VIII. Statement Regarding Integrity, Expertise and Experience of Independent Directors
In the opinion of the Board, the Independent Directors possess Excellent rating in
respect of clear sense of value and integrity and have requisite expertise and experience
in their respective fields. As per the recent amendments of the Companies Act, 2013 the
online proficiency self-assessment test to be conducted by Indian Institute of Corporate
Affairs is exempted for the Independent Directors who have served a Company in such
capacity for a total year not less than three years. Accordingly, the Company's
Independent Directors have already passed the online proficiency self-assessment test.
IX. Evaluation of the Board, Its Committees and Individual Directors
Pursuant to the provisions of the Companies Act, 2013 and SEBI (Listing Obligations and
Disclosure Requirements) Regulations, 2015, during the year under review the annual
performance evaluation of the Board, its Committees and each Director has been carried
out.
15. CREDIT RATING
The Company enjoys a good reputation for its sound financial management and the ability
to meet its financial obligations. The Company has received CRISIL BBB/Positive/CRISIL A3+
ratings for its long term and short-term banking facilities.

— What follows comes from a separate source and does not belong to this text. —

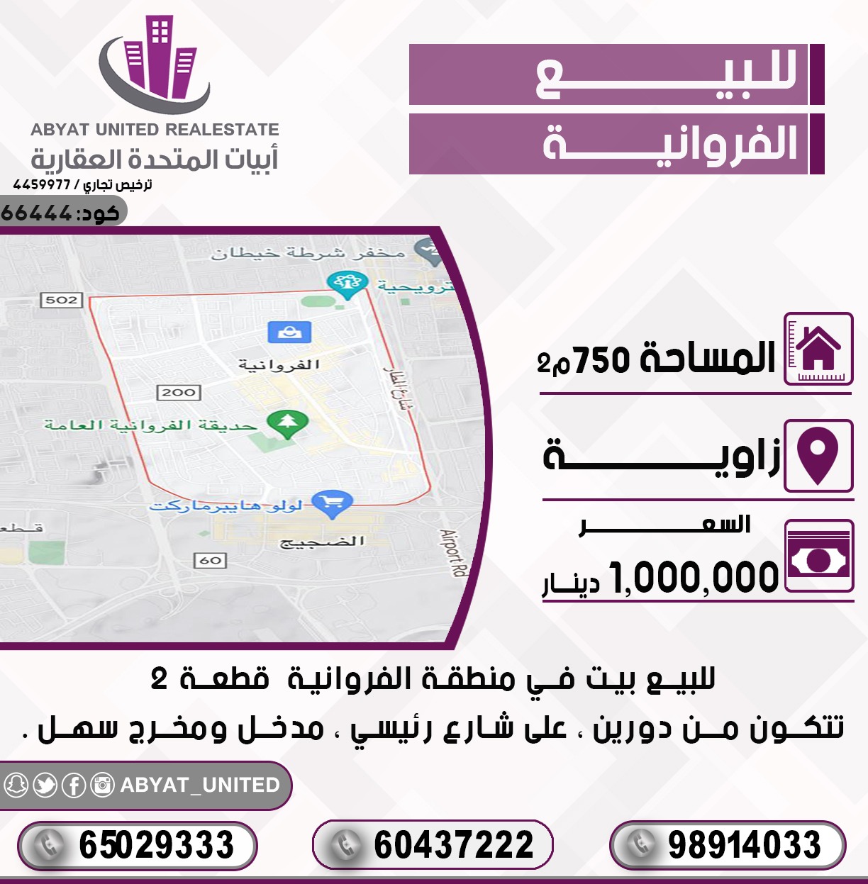 للبيع بيت في منطقة الفروانية ، قطعه 2 ، يقع على زاوية ، مساحته 750 متر مربع ، يتكون من دورين ، على شارع رئيسي ، مدخل ومخرج سهل ، للاستفسار ، النقال 1 ، 65029333 ، النقال 2 ، 60437222 ، النقال3 ، 989140333 ، السعر 1.000.000 د.ك ، الكود 66444

16. FAMILIARIZATION PROGRAM
In compliance with the requirements of Listing Regulations, the Company has put in
place a framework for Directors' Familiarization Programme to familiarize the Independent
Directors with their roles, rights and responsibilities, strategy planning, manufacturing
process, factory visit, amendments in law and Company's codes & policies. The Policy
for Familiarization Programs for Independent Directors is available on the Company's
website and can be accessed through https://rbzjewellers.com/policies/
17. NUMBER OF BOARD MEETINGS
The Board met 10 (Ten) times during the Financial Year 2023-24. The meeting details are
provided in the Corporate governance report that forms part of this Annual Report. The
maximum interval between any two meetings did not exceed 120 days as prescribed in the
Companies Act, 2013 and Listing Regulations.
18. PARTICULARS OF LOANS, GUARANTEES OR INVESTMENTS
During the year under review, the company has not given any loans or guarantees or
provided security (ies) and has not made any investments covered under the provisions of
section 186 of the Companies Act, 2013.
19. PARTICULARS OF CONTRACTS OR ARRANGEMENT WITH RELATED PARTIES
The Particulars of contracts or arrangement or transactions entered by the company with
the related party during the financial year under review, in terms of provisions of
section 188 of the companies act, 2013 and rules made there under in Form AOC-2 is given
in "Annexure-A" attached to this report. There were no materially
significant related party transactions made by the Company with its promoters, directors
or their relatives during the year, which may have potential conflict with the interest of
the Company at large.
20. MAINTENANCE OF COST RECORDS
The Company is not required to maintain cost records as per sub-section (1) of Section
148 of the Companies Act, 2013.
21. CONSERVATION OF ENERGY, TECHNOLOGY ABSORPTION, FOREIGN EXCHANGE EARNING AND OUTGO
a) Conservation of Energy
Your Company is taking utmost care to conserve energy wherever possible.
b) Technology Absorption
During the year under review, there was no technology absorption,
c) Foreign Exchange Earnings and Outgo
During the year, your Company's foreign exchange earnings were 354.35 Lakhs from
export of the goods and there were no foreign exchange outgo.
22. INDUSTRIAL RELATION
During the year under review, your Company enjoyed cordial relationships with its
employees at all levels. Your directors place on records their appreciation for the
significant contribution made by the employees through their competence, hardworking,
sustained efforts, co-operation, and support.
23. HUMAN RESOURCES
We firmly believe that our dedicated workforce is our most valued asset. It is
through their diligent efforts, hard work, and perseverance that we have been able to
deliver encouraging financial results. We are a Great Place to Work-certified Company and
remain committed to understanding the needs of our employees and proactively investing in
initiatives focussed on their professional development and overall well-being.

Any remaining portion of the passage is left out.